### Activity
Starting at the line below that contains "Go to Document" and ending at the line that contains "編輯推薦: 「Cetaphil」溫和潔膚乳200ml /NT$750", retype each line exactly as it stands, but omit the pictures.

** Source records follows **

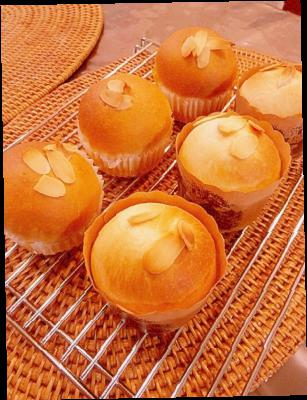 1. 70gに分割した生地を丸めてマフィンカップに入れる。
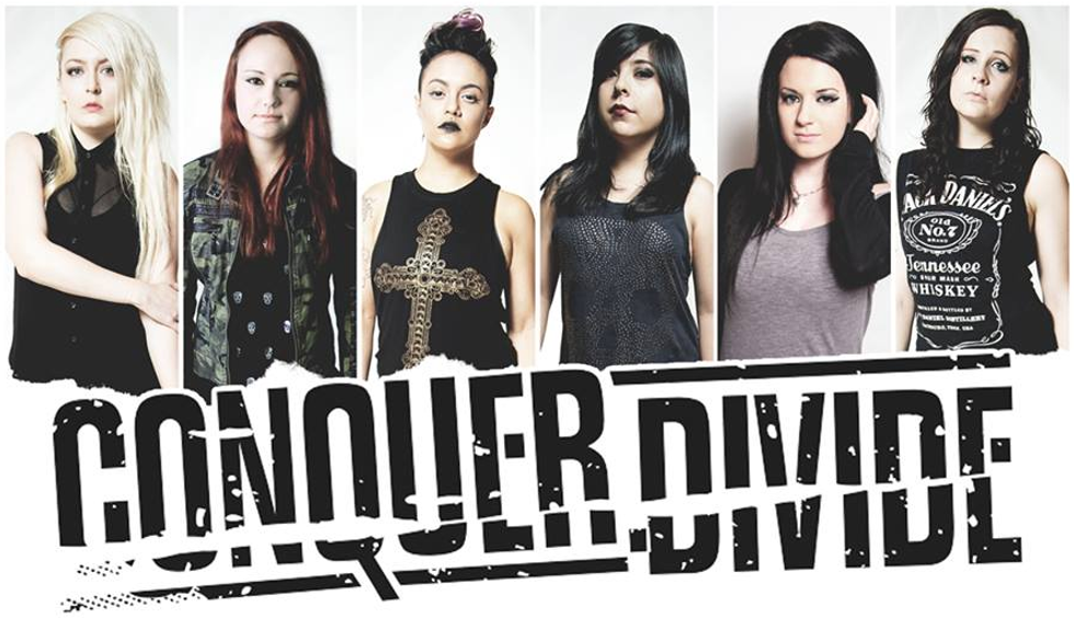 Conquer Divide is an all-female rock/metal group that consists of (left to right): guitarist, Kristen Waters; drummer, Tamara Tadic; clean vocalist, Kiarely Castillo; screamer/unclean vocalist, Janel Duarte; bassist, Ashley Colby; and guitarist, Izzy Johnson.
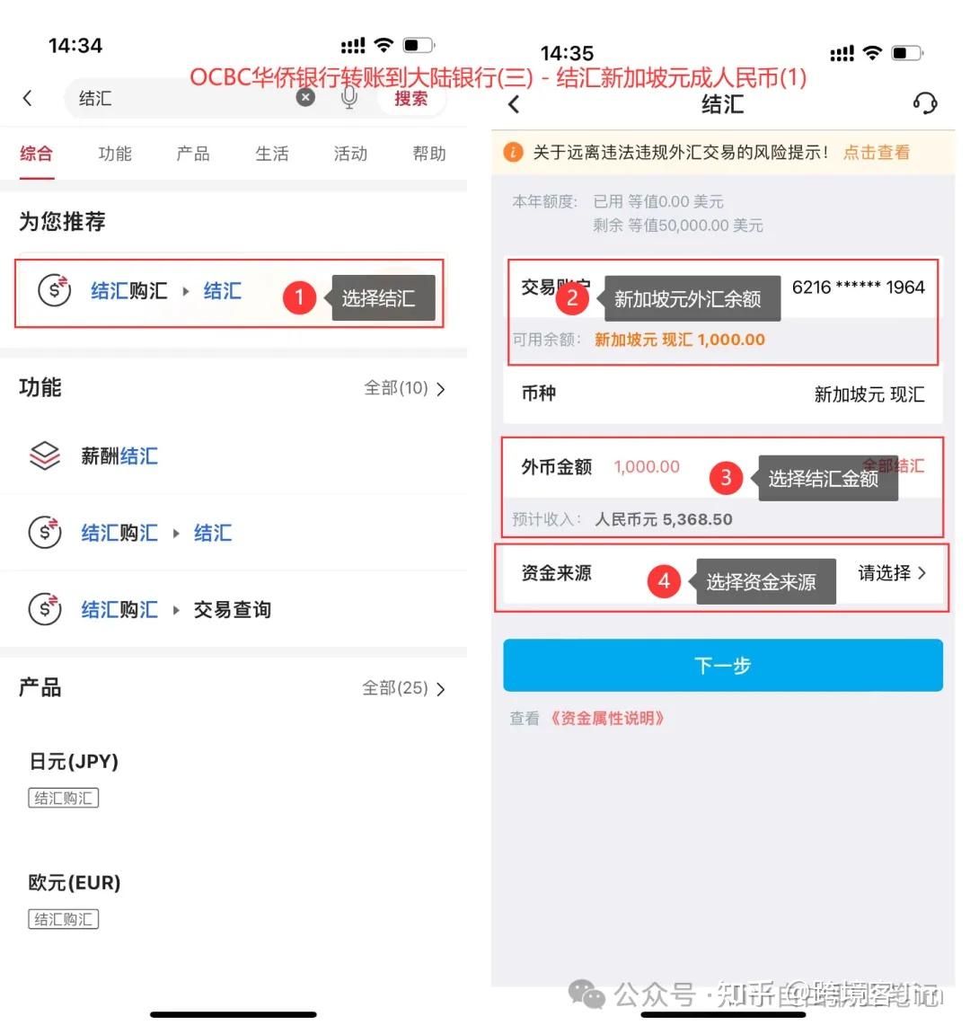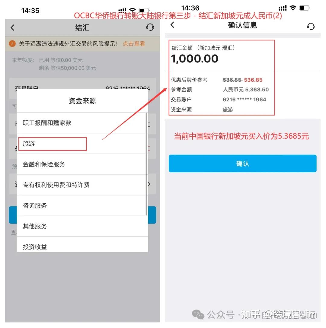 注意:新加坡元结汇会占用中国公民每年5万美元等值外汇额度。
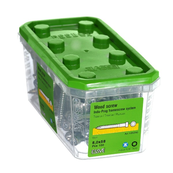 ESSVE Indu-Prog Treskrue brukes til montering av Indu-Prog Karmhylse mot trestender. Anbefales til tyngre og klassifiserte monteringer. Skruehodet er utstyrt med TX-feste/bits, TX30.
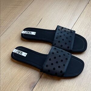 Zara Black Polka Dot Slide Sandals never worn
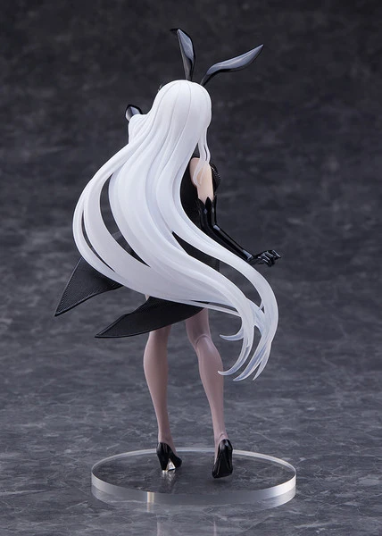 Her bright hair and skin create an interesting contrast with her beautifully detailed dark black bunny outfit.
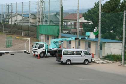 グランド北に設置されている防砂ネットが破けていて、だらしのない状態だったので、修繕要望を出しておいたところ、管理課で手配いただき修繕が始まりました。綺麗な状態で潮騒祭を迎えられます。ありがたいことです。
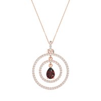 This Ruby and Lab Diamond Necklace is casted in 14K Rose Gold. This Women’s Halo necklace features exceptionally fine gemstones, on par with those found in the world's most exclusive boutiques and among the top 10% available globally. Luminous Pendant Showcasing A Pear-shaped Center Stone Embraced By Two Concentric Halos Of Shimmering Accents. This necklace comes with a complimentary 18-inch chain. Enjoy the confidence of our 30-day, stress-free return policy—with return shipping fully covered. Each piece is also accompanied by a Lifetime Warranty, ensuring lasting beauty and peace of mind.
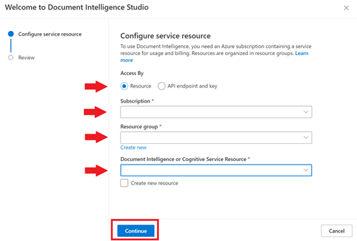 Go to Document Intelligence Studio. If it's your first time signing in, you're prompted to configure your service resource. In accordance with your organization's policy, you have the following options:
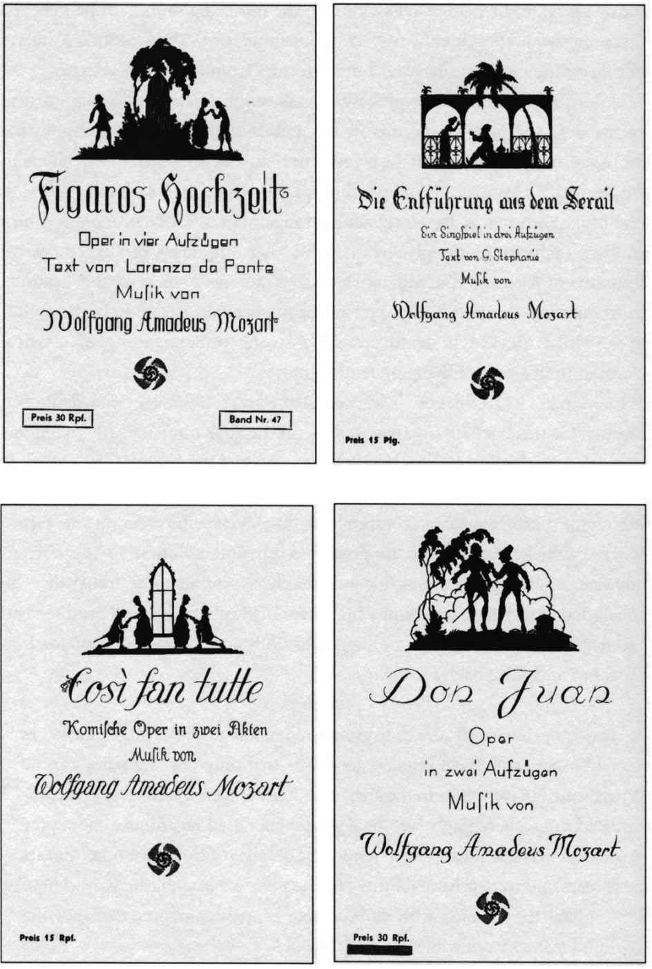 8.柏林的艾米尔·维尔尼茨(Emil Wernitz)公司在1938年和德意志 劳工阵线下属国家社会主义文化机构“力量来自欢乐”的工余活动部 联合出版的莫扎特歌剧剧本封面。请注意达·蓬特的剧作者身份 只出现在《费加罗的婚礼》封面 上。
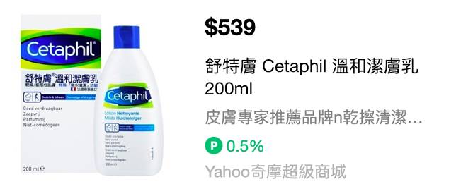 編輯推薦: 「Cetaphil」溫和潔膚乳200ml /NT$750
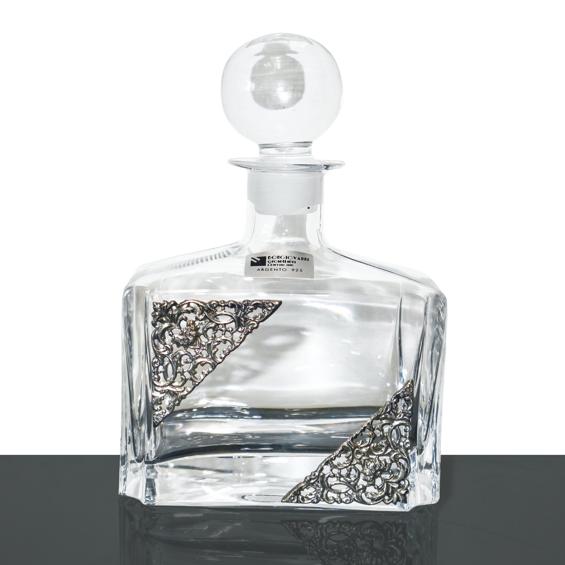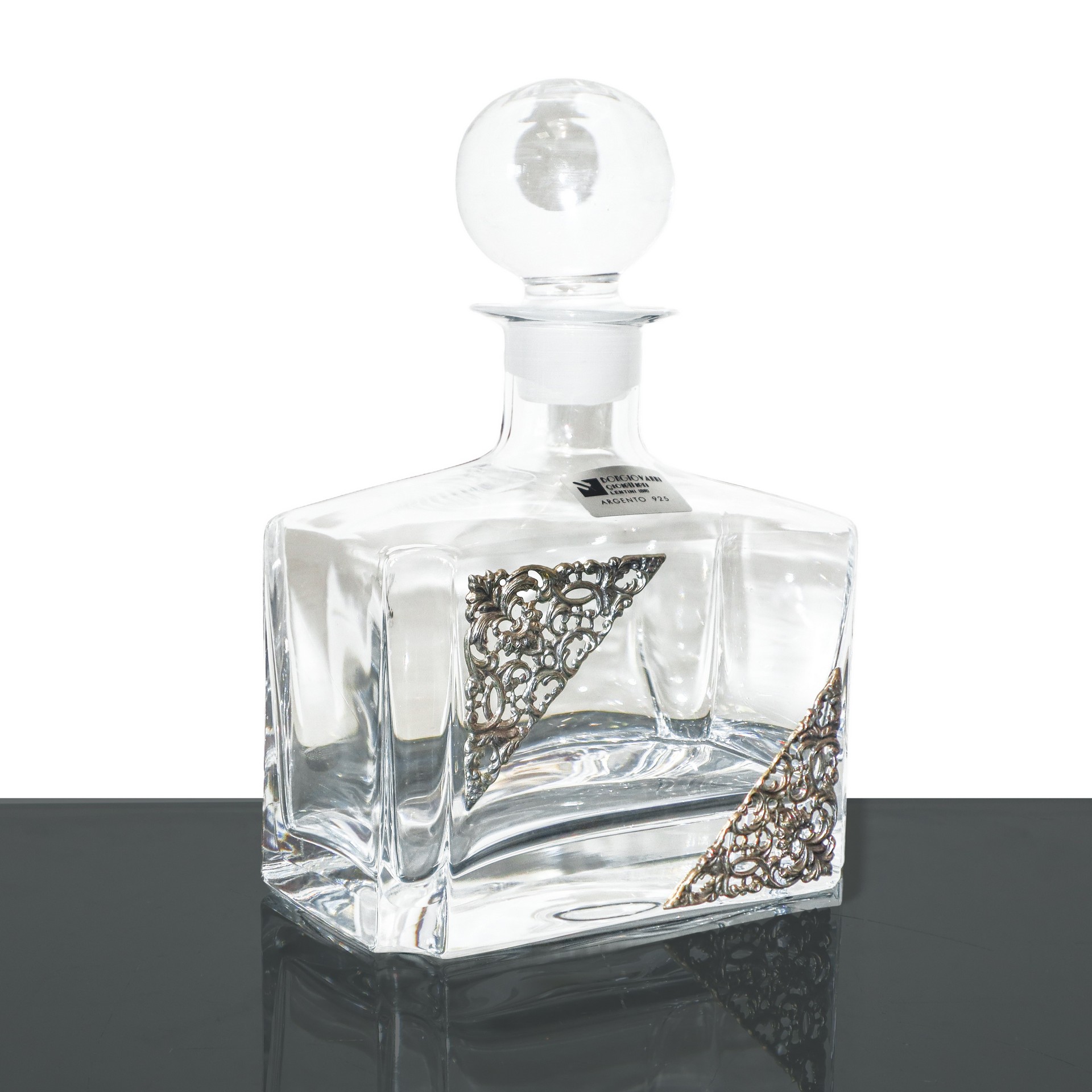 Bottiglia in cristallo con applicazioni in argento 925 cm 24X16 Dotata di scatola

** End of Source records **

### Problem solution
 Go to Document Intelligence Studio. If it's your first time signing in, you're prompted to configure your service resource. In accordance with your organization's policy, you have the following options:
 8.柏林的艾米尔·维尔尼茨(Emil Wernitz)公司在1938年和德意志 劳工阵线下属国家社会主义文化机构“力量来自欢乐”的工余活动部 联合出版的莫扎特歌剧剧本封面。请注意达·蓬特的剧作者身份 只出现在《费加罗的婚礼》封面 上。
 編輯推薦: 「Cetaphil」溫和潔膚乳200ml /NT$750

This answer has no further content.